■ Material provided:
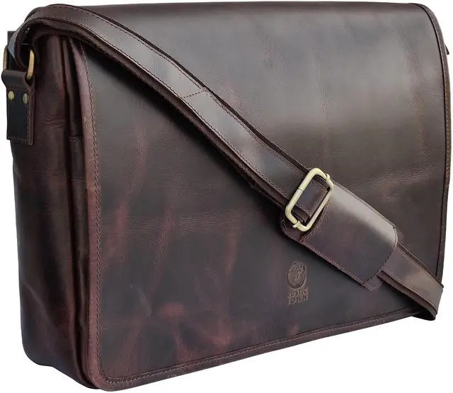 RUSTIC TOWN Leather Messenger Bag for Men Women - Full Grain Leather Laptop Satchel Office Shoulder Bag (16-Inch, Dark Brown)
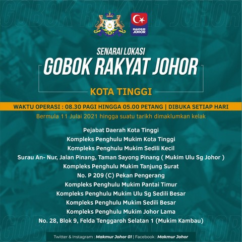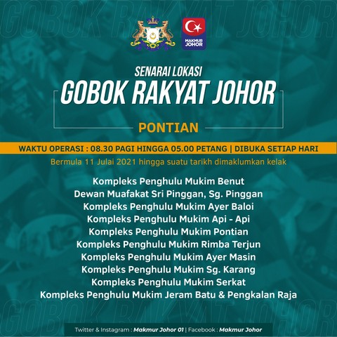 Gobok Rakyat Johor dibuka pada golongan berkenaan pada 11 Julai 2021 (Ahad) hingga suatu tarikh yang akan diumumkan kelak. Waktu operasi bermula dari 8.30 pagi - 5.00 petang dan dibuka pada setiap hari.
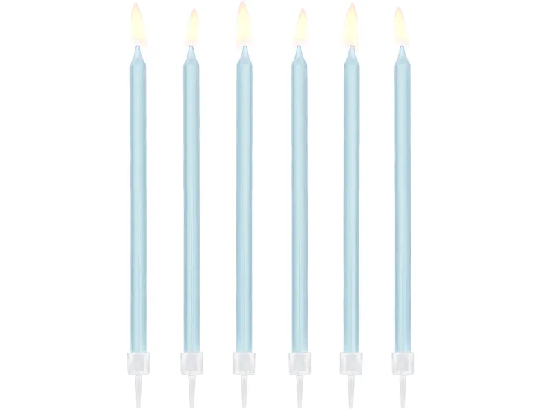 Birthday candles, smooth, light blue, height approx. 14 cm. Set contains 12 candles and saucers. (1 pack / 12 pcs.)

■ Your goal:
The response has to be an exact copy of all the data, pictures excluded.

■ Result for this task:
 RUSTIC TOWN Leather Messenger Bag for Men Women - Full Grain Leather Laptop Satchel Office Shoulder Bag (16-Inch, Dark Brown)
 Gobok Rakyat Johor dibuka pada golongan berkenaan pada 11 Julai 2021 (Ahad) hingga suatu tarikh yang akan diumumkan kelak. Waktu operasi bermula dari 8.30 pagi - 5.00 petang dan dibuka pada setiap hari.
 Birthday candles, smooth, light blue, height approx. 14 cm. Set contains 12 candles and saucers. (1 pack / 12 pcs.)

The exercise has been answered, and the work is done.